Published online by Cambridge University Press: 21 January 2010
In this chapter, we introduce and study the notion of a complex structure on a differentiable or complex manifold. A complex manifold X of (complex) dimension n is a differentiable manifold locally equipped with complex-valued coordinates (called holomorphic coordinates) z1, …, zn, such that the diffeomorphisms from an open set of ℂn to an open set of ℂn given by coordinate changes are holomorphic. By the definition of a holomorphic transformation, we then see that the structure of a complex vector space on the tangent space TX,x given by the identification TX,x ≅ ℂn induced by the holomorphic coordinates z1, …, zn does not depend on the choice of holomorphic coordinates. The tangent bundle TX of a complex manifold X is thus equipped with the structure of a complex vector bundle. Such a structure is called an almost complex structure.

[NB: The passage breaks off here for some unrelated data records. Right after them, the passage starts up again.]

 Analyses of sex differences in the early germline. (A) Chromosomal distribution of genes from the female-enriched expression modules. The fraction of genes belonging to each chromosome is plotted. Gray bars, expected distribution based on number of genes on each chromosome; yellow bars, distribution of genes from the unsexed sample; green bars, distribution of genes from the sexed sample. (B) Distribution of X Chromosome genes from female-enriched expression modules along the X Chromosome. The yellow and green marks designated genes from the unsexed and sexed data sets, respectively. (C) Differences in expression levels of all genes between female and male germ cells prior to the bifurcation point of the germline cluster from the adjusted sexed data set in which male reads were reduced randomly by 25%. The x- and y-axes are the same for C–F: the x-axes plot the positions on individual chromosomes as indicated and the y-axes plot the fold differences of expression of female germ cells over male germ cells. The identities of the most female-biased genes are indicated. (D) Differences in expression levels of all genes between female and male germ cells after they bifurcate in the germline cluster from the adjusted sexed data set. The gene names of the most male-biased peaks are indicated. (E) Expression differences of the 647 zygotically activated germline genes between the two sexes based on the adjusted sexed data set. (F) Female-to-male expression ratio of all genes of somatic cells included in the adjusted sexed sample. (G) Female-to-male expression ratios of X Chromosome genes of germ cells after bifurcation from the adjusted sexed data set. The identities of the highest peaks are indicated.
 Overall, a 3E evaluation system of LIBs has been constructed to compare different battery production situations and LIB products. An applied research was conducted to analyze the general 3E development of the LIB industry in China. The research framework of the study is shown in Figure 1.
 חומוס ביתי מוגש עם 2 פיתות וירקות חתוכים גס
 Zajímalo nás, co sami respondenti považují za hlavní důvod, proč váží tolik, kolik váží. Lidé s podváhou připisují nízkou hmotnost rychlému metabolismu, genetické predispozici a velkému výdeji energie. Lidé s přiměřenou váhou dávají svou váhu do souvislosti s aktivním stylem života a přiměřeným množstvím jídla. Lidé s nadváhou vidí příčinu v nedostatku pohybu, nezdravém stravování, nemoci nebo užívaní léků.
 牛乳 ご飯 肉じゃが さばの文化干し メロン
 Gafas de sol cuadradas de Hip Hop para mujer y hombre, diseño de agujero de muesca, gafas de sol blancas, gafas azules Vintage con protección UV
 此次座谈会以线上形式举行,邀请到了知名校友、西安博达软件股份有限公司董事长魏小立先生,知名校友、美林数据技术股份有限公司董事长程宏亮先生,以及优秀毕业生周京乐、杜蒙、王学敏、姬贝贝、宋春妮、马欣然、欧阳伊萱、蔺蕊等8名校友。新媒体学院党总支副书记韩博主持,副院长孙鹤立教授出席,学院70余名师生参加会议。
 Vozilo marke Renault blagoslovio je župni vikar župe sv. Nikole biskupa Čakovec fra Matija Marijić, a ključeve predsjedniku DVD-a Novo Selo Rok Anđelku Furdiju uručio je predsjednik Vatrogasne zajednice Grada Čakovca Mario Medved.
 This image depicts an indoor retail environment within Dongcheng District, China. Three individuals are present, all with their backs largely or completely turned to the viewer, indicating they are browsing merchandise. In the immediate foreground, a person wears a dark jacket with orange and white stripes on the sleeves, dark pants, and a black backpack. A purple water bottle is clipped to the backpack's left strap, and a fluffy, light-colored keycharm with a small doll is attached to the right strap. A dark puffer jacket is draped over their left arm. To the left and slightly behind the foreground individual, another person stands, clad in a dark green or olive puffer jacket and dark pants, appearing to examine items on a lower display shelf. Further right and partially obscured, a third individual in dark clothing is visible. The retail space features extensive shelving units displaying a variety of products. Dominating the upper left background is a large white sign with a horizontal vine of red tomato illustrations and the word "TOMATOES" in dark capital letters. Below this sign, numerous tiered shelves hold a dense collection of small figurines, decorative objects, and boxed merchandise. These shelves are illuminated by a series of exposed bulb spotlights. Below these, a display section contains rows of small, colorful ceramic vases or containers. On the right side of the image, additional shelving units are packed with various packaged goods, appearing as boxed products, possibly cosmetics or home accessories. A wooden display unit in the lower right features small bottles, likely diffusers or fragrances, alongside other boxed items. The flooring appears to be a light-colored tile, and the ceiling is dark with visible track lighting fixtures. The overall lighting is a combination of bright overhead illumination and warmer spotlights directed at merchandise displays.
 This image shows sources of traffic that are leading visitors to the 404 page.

After some preliminaries on manifolds and vector bundles, we turn to the proof of the Newlander–Nirenberg theorem, which characterises the almost complex structures induced as above by a complex structure. This ‘integrability’ criterion is extremely important in the study of the deformations of the complex structure of a manifold. Indeed, we could describe them as the deformations of the almost complex structure (which are essentially parametrised by a vector space of differentiable sections of a certain bundle over X) satisfying the integrability condition. This will enable us to put the structure of an infinite-dimensional manifold on this space of deformations, whose quotient by the group of diffeomorphisms of X describes the deformations of the complex structure of X up to isomorphism.